§ WHAT THIS TASK INVOLVES:
All pictures are to be dropped, and everything else in the data duplicated exactly.

§ DATA SEGMENT:
== Segment start ==

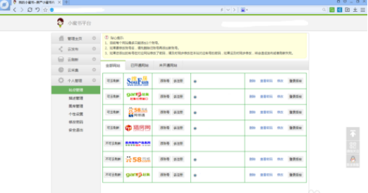 在主界面中或左侧点击:个人管理>站点管理>点击进入>进入后有添加账号,将你注册好的帐号添加进去即可.
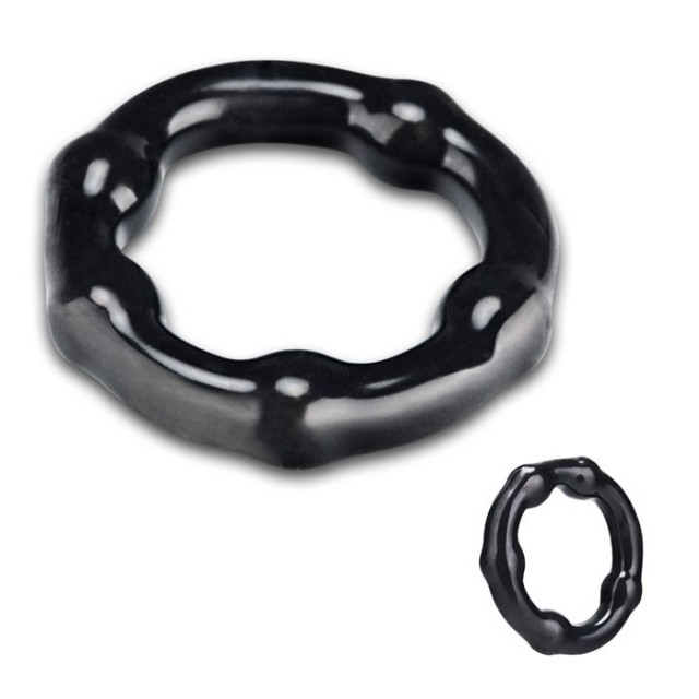 Черное кольцо на пенис из упругого материала, в который вживлены 5 металлических шариков. Именно такое кольцо обеспечивает пролонгирующий эффект и одновременно стимуляцию обоих партнеров.
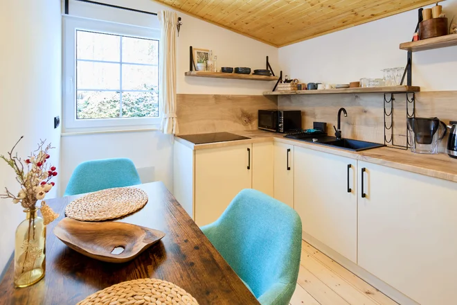 K dispozici budete mít také kuchyň, ve které vám k přípravě vašich oblíbených dobrot nebude nic chybět. Najdete zde nádobí, indukční desku i spotřebiče, jako je např. mikrovlnná trouba, rychlovarná konvice, topinkovač a kávovar. Součástí chaty je také koupelna s WC a sprchovým koutem.
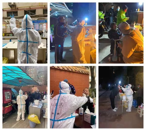 孫亞男在社區(qū)各個(gè)地點(diǎn)做核酸檢測。蓮湖區(qū)委組織部供圖

== Segment end ==

§ YOUR SOLUTION:
 在主界面中或左侧点击:个人管理>站点管理>点击进入>进入后有添加账号,将你注册好的帐号添加进去即可.
 Черное кольцо на пенис из упругого материала, в который вживлены 5 металлических шариков. Именно такое кольцо обеспечивает пролонгирующий эффект и одновременно стимуляцию обоих партнеров.
 K dispozici budete mít také kuchyň, ve které vám k přípravě vašich oblíbených dobrot nebude nic chybět. Najdete zde nádobí, indukční desku i spotřebiče, jako je např. mikrovlnná trouba, rychlovarná konvice, topinkovač a kávovar. Součástí chaty je také koupelna s WC a sprchovým koutem.
 孫亞男在社區(qū)各個(gè)地點(diǎn)做核酸檢測。蓮湖區(qū)委組織部供圖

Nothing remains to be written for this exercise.